DATASET SECTION —
■ ■ ■

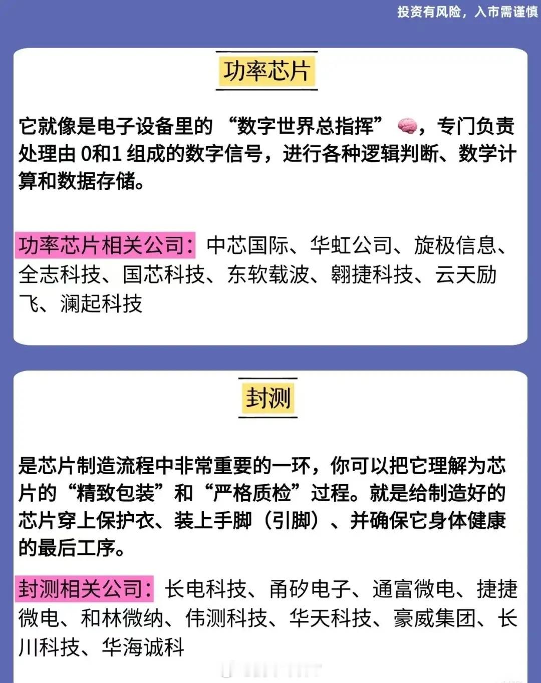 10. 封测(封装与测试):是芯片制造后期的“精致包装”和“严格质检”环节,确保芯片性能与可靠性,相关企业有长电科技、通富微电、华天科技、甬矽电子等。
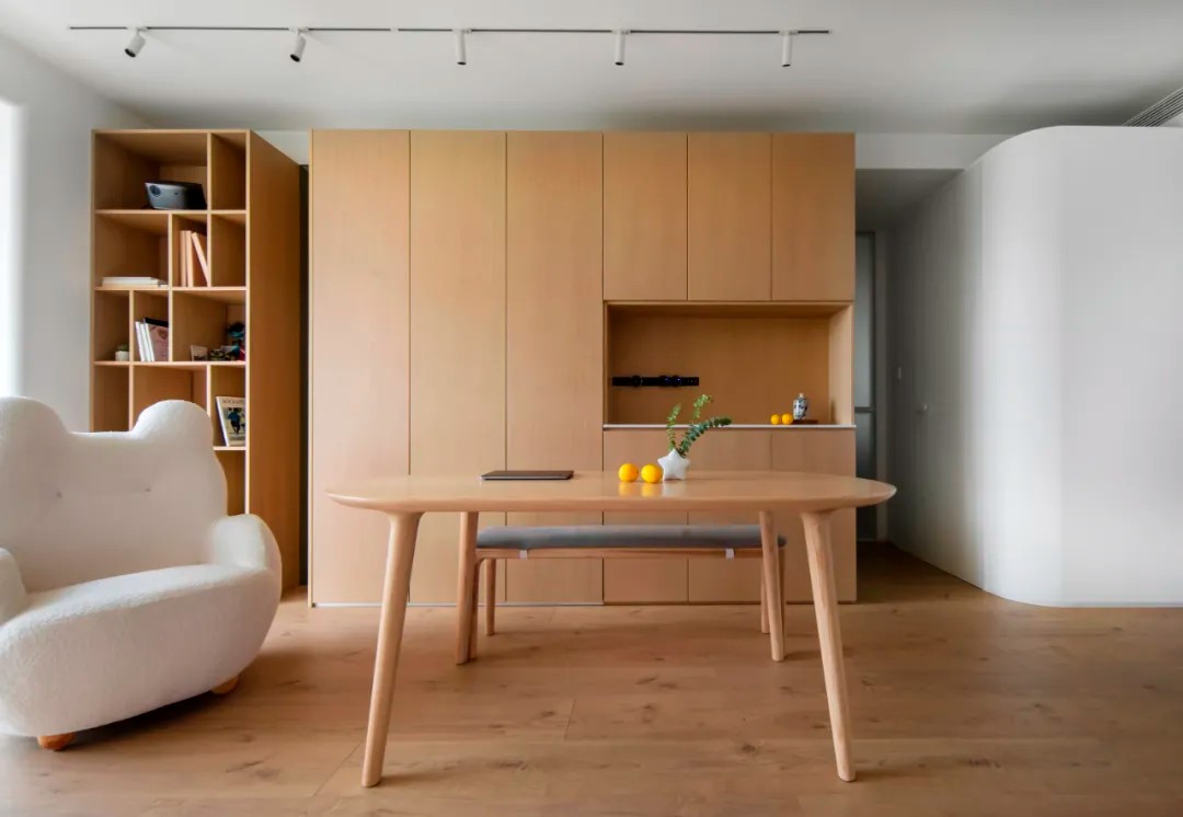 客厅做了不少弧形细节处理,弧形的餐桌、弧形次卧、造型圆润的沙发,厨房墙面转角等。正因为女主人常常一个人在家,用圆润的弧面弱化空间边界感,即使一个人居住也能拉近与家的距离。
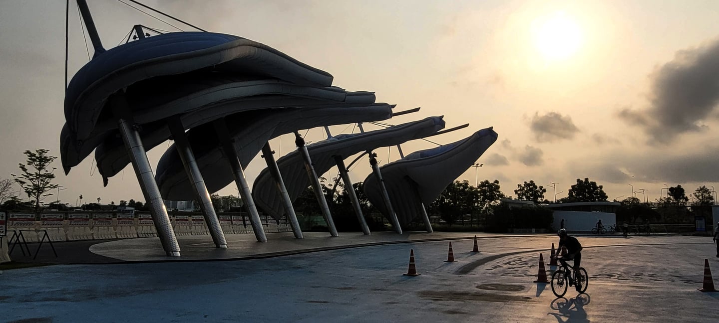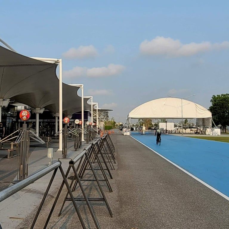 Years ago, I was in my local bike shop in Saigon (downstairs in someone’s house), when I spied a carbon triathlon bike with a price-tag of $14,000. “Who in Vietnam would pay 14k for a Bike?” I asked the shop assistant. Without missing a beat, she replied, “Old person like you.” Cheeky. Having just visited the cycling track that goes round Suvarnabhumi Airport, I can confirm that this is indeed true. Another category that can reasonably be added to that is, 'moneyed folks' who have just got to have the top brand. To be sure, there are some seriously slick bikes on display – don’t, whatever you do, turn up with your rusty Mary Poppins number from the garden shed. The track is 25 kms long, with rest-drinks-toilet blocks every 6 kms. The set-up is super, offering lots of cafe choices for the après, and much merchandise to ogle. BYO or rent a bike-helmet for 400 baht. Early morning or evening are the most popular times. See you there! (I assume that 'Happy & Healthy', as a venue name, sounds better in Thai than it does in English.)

■ ■ ■

TASK TO COMPLETE —
Where a picture appears, skip it and copy the rest of the data word for word.

OUTPUT OF THE EXERCISE —
 10. 封测(封装与测试):是芯片制造后期的“精致包装”和“严格质检”环节,确保芯片性能与可靠性,相关企业有长电科技、通富微电、华天科技、甬矽电子等。
 客厅做了不少弧形细节处理,弧形的餐桌、弧形次卧、造型圆润的沙发,厨房墙面转角等。正因为女主人常常一个人在家,用圆润的弧面弱化空间边界感,即使一个人居住也能拉近与家的距离。
 Years ago, I was in my local bike shop in Saigon (downstairs in someone’s house), when I spied a carbon triathlon bike with a price-tag of $14,000. “Who in Vietnam would pay 14k for a Bike?” I asked the shop assistant. Without missing a beat, she replied, “Old person like you.” Cheeky. Having just visited the cycling track that goes round Suvarnabhumi Airport, I can confirm that this is indeed true. Another category that can reasonably be added to that is, 'moneyed folks' who have just got to have the top brand. To be sure, there are some seriously slick bikes on display – don’t, whatever you do, turn up with your rusty Mary Poppins number from the garden shed. The track is 25 kms long, with rest-drinks-toilet blocks every 6 kms. The set-up is super, offering lots of cafe choices for the après, and much merchandise to ogle. BYO or rent a bike-helmet for 400 baht. Early morning or evening are the most popular times. See you there! (I assume that 'Happy & Healthy', as a venue name, sounds better in Thai than it does in English.)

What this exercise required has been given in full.